═══ DATA FOR THE TASK ═══

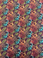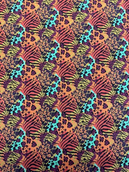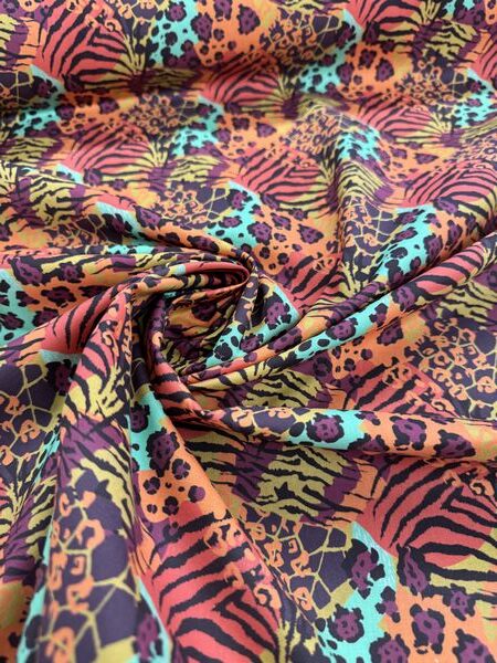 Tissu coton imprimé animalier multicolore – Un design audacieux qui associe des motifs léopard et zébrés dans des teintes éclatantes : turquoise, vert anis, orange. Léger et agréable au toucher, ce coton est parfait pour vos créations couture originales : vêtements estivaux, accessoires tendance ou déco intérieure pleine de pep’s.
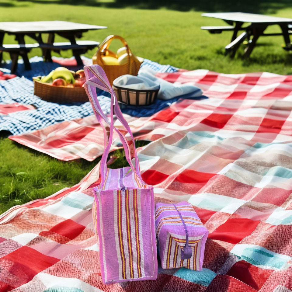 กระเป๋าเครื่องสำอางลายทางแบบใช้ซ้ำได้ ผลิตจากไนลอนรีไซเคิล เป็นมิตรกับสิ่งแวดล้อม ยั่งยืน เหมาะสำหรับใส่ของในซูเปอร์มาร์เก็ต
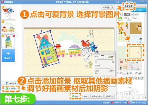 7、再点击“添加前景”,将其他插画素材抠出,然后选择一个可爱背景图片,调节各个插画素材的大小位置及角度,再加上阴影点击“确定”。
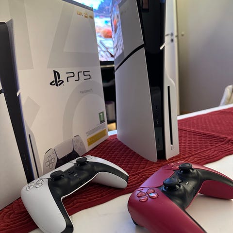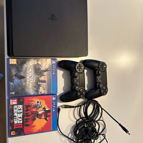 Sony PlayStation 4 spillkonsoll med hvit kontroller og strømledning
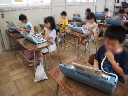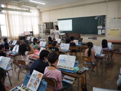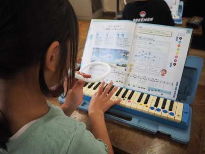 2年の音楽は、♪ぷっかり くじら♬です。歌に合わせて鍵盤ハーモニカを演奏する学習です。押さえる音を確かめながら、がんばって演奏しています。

═══
═══ DATA FOR THE TASK ═══

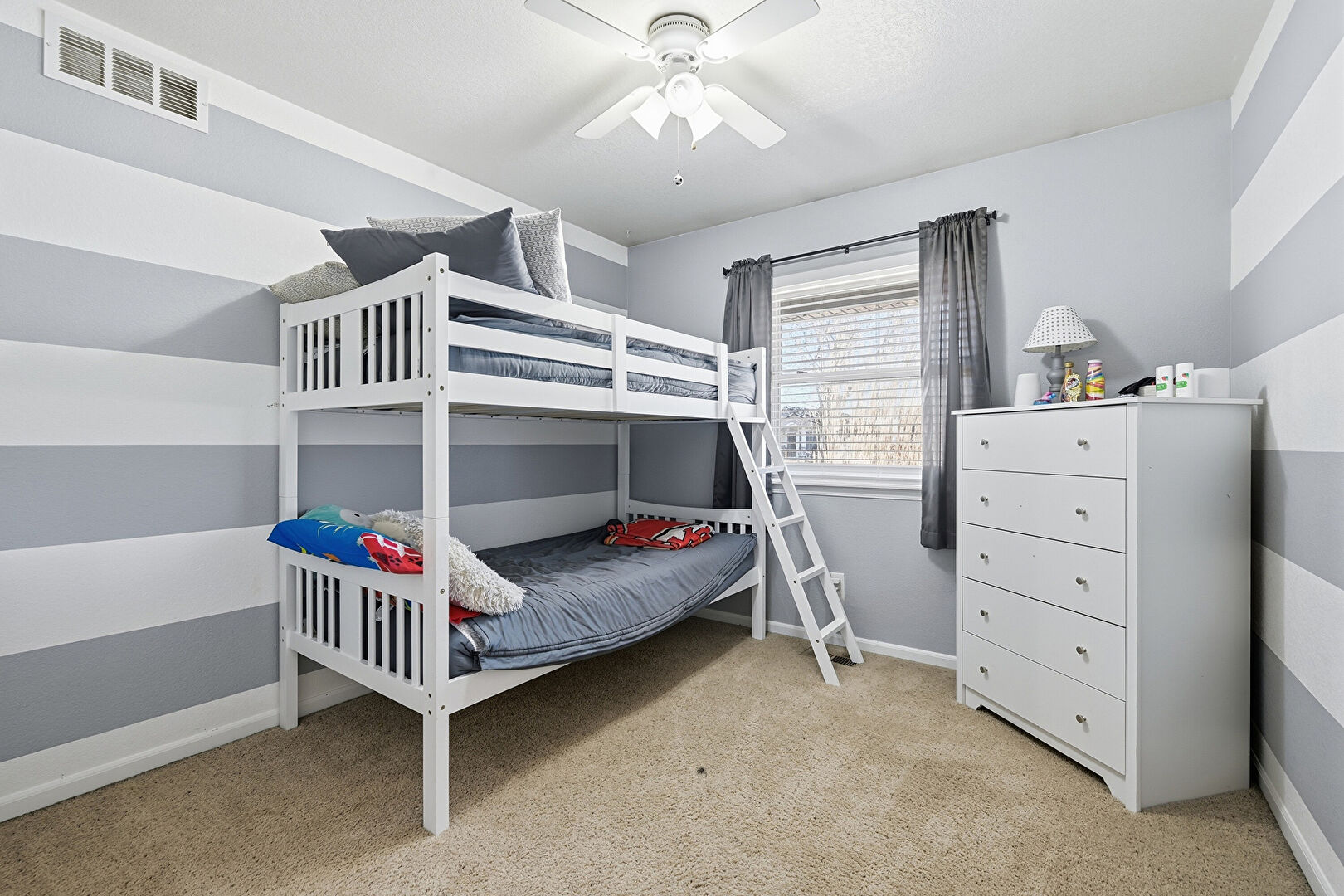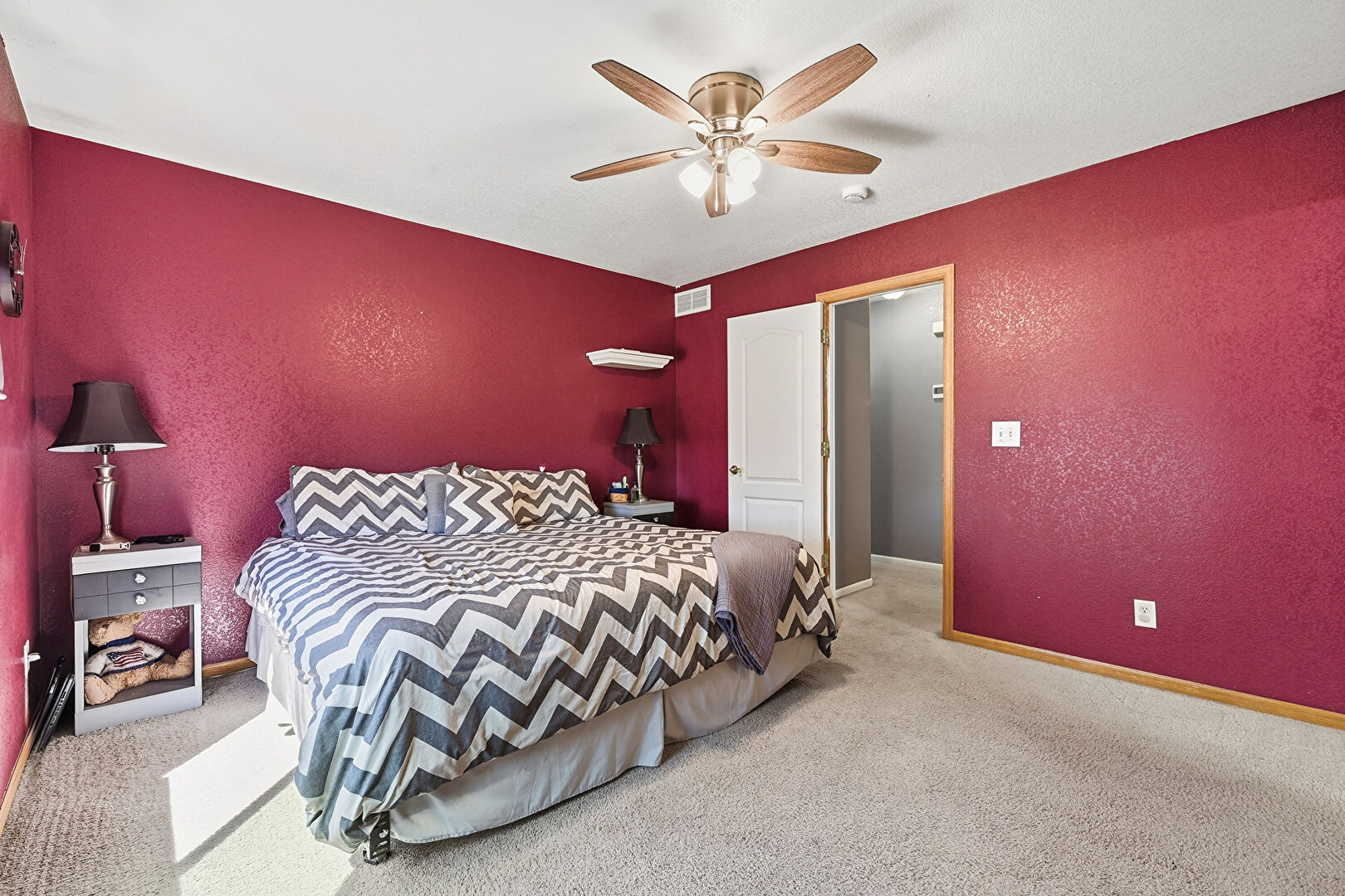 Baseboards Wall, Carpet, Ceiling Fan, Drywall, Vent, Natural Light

═══

DESCRIPTION OF THE TASK >>
Reproduce exactly, with no pictures, the lines above from the one holding "Sony PlayStation 4" to the one holding "2年の音楽は、♪ぷっかり く", inclusive.

ANSWER TO THE EXERCISE >>
 Sony PlayStation 4 spillkonsoll med hvit kontroller og strømledning
 2年の音楽は、♪ぷっかり くじら♬です。歌に合わせて鍵盤ハーモニカを演奏する学習です。押さえる音を確かめながら、がんばって演奏しています。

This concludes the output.